Wal-Mart: Fashioning a New Growth Track [BusinessWeek]

On Feb. 19, the world’s largest retailer, Wal-Mart Stores, reported sales of $374.5 billion—more than a third of a trillion dollars—for its fiscal year ending Jan. 31, 2008. It’s a stunning number. But a closer look at Wal-Mart’s prospects shows the larger question for the discount giant is whether it can avoid having store-sales growth turn negative in the coming year, for the first time ever.
The numbers the behemoth has reported for its latest fiscal year already reveal evidence of a slowdown. Its Wal-Mart stores division eked out a sales increase of 1% in stores open at least one year, the smallest sales gain in company history.

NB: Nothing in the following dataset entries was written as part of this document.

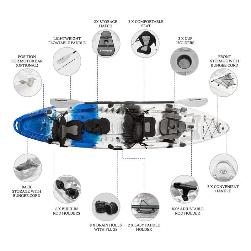 - Scupper holes with drain plugs around the body of Kayak for easy drainage if needed.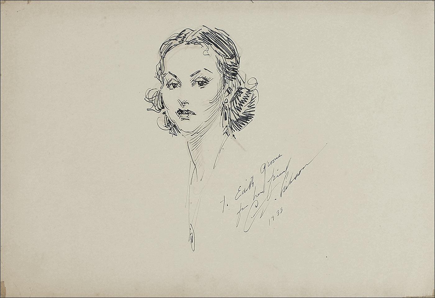 American artist (1867–1944) whose distinctive “Gibson Girl” illustrations defined the image of American women at the turn of the 20th century. Original vintage signed and inscribed ink sketch of a woman on an off-white 16.5 x 11.5 book page, with “The Education of Mr. Pipp,” printed on the reverse, signed and inscribed “To Edith Groome, from her friend, C. D. Gibson.” In fine condition, with scattered edge wear and creasing, some mild soiling, and a few pieces of old tape around edges.
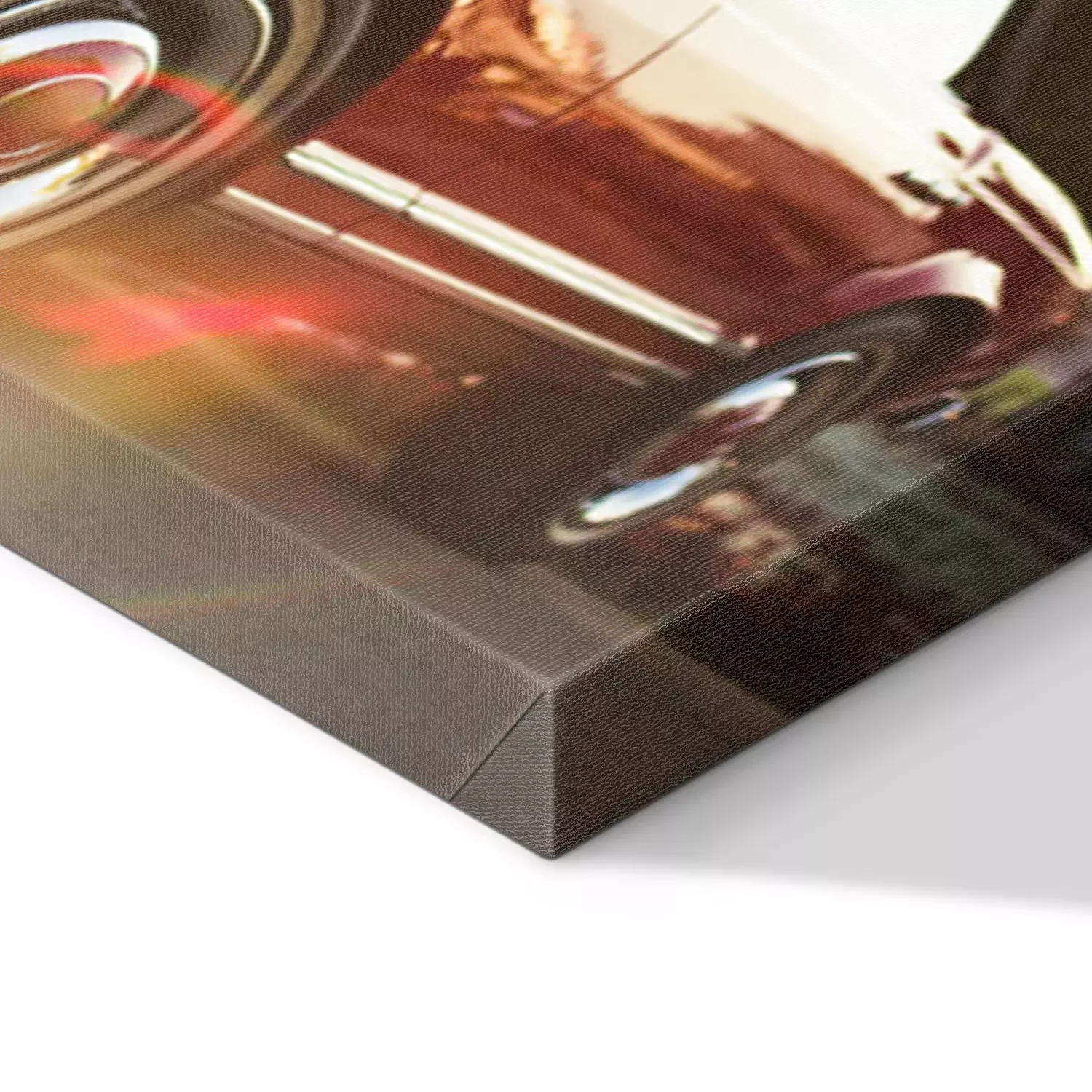 De print wordt aangebracht op hoogwaardig canvas dat op een schildersweefgetouw (spieraam) wordt gespannen. Omdat de print de zijranden bedekt, hoeft het ontwerp niet met een extra kader te worden omlijst. Wij raden ook composities aan die uit meerdere foto's bestaan en zo een coherente compositie vormen.
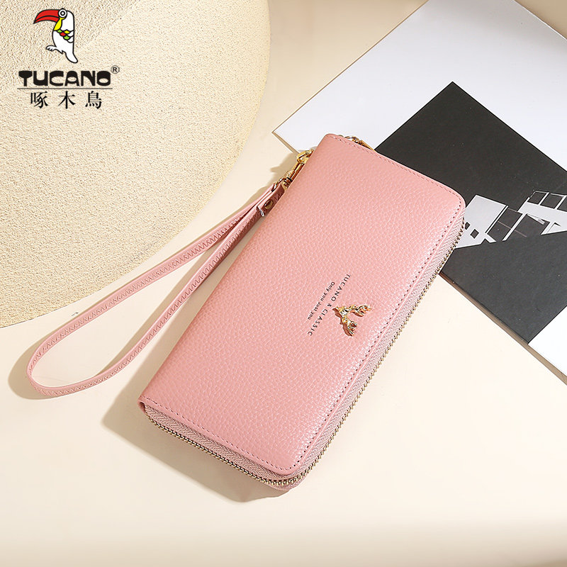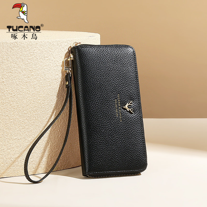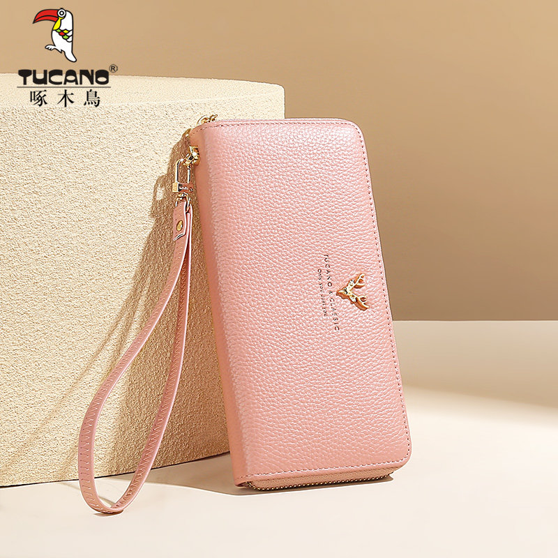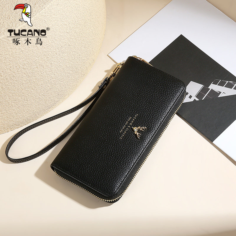 啄木鸟真皮拉链钱包女士2025新款头层牛皮高级感长款多卡位手拿包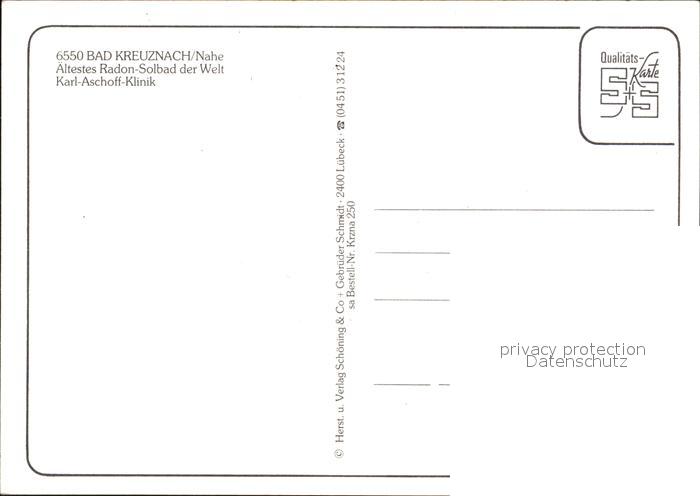 72510933 Bad Kreuznach Karl Aschoff Klinik postalisch nicht gelaufen Erhaltung siehe scans KatCode: 11110007133006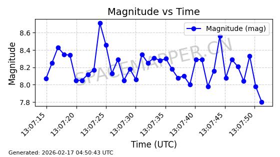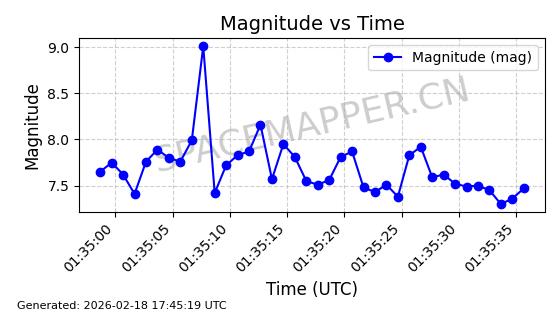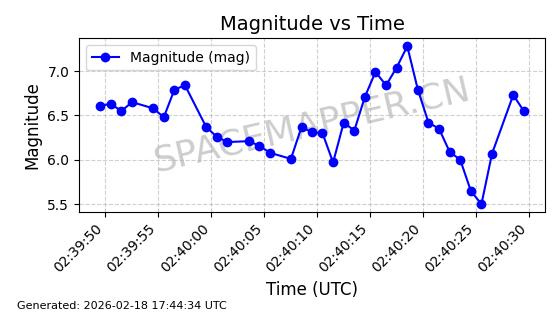 | STARLINK-31629 | 59255 | 59255 | 2024-03-19 同日期轨道 2024-050B 同批次轨道 | 在轨 | 94分钟 | 53.1600 | 474.54 | 476.02 | 0.0001079 | 2026-02-18 00:01:53 | ||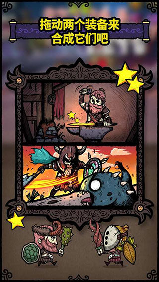 4、休闲放置式玩法在玩家在离线时英雄会自动战斗为玩家提供丰厚的离线收益。2、通过合成两个装备来获得更好的装备;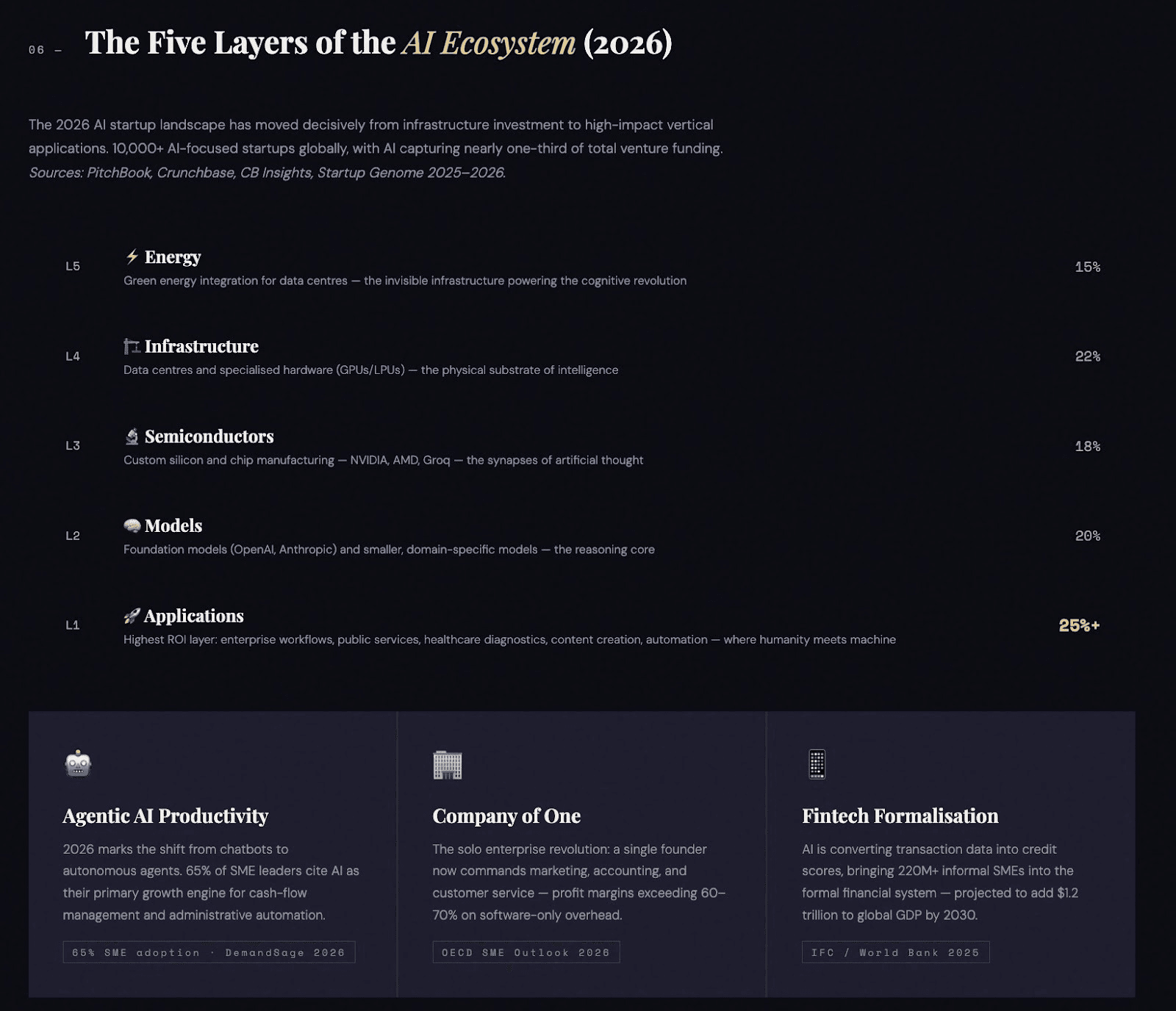 - Applications: The layer with the highest ROI, focusing on enterprise workflows and public services.

That follows a 1.9% gain in 2006. (Total revenue increased 8.4% for the latest quarter, to $107.4 billion; net income rose 4%, to $4.1 billion, or $1.02 a share.) At this pace, it’s obvious Wal-Mart will have to fight flat or negative same-store sales growth in the coming year.
Outperforming Retail Chains
Burt Flickinger III, managing director of New York retail consultant Strategic Resource Group, has been a Wal-Mart shareholder for three decades. He says the company’s sales growth rates aren’t keeping up with the three indicators every retailer should beat: the inflation rate, which is currently just under 3%; the 1% rate of population growth in the country, and the increase in square footage, which grew 8.4% last year at Wal-Mart. “It’s pathetic,” says Flickinger.
Customers are giving Wal-Mart lower marks these days, as well. A yearly survey of customer satisfaction by the University of Michigan, released on Feb. 19, shows the retailer scored the lowest among 10 large discount and department-store chains. Wal-Mart’s satisfaction rating this year was 68 on a scale of zero-to-100, down 5.6% from a year ago.
Granted, the company’s sales increases of 0.5% in January and 2.4% in December, however small, looked good compared with the bloodbath in the retail sector as a whole. Store chains are being hammered across the board with declining sales, from the upscale Nordstrom (JWN) to discount department store Kohl’s (KSS). And Wal-Mart’s fourth-quarter same-store sales rose 1.7%, which beat Target. No wonder investors have bid up Wal-Mart’s stock 6% since the beginning of the year, to more than 50.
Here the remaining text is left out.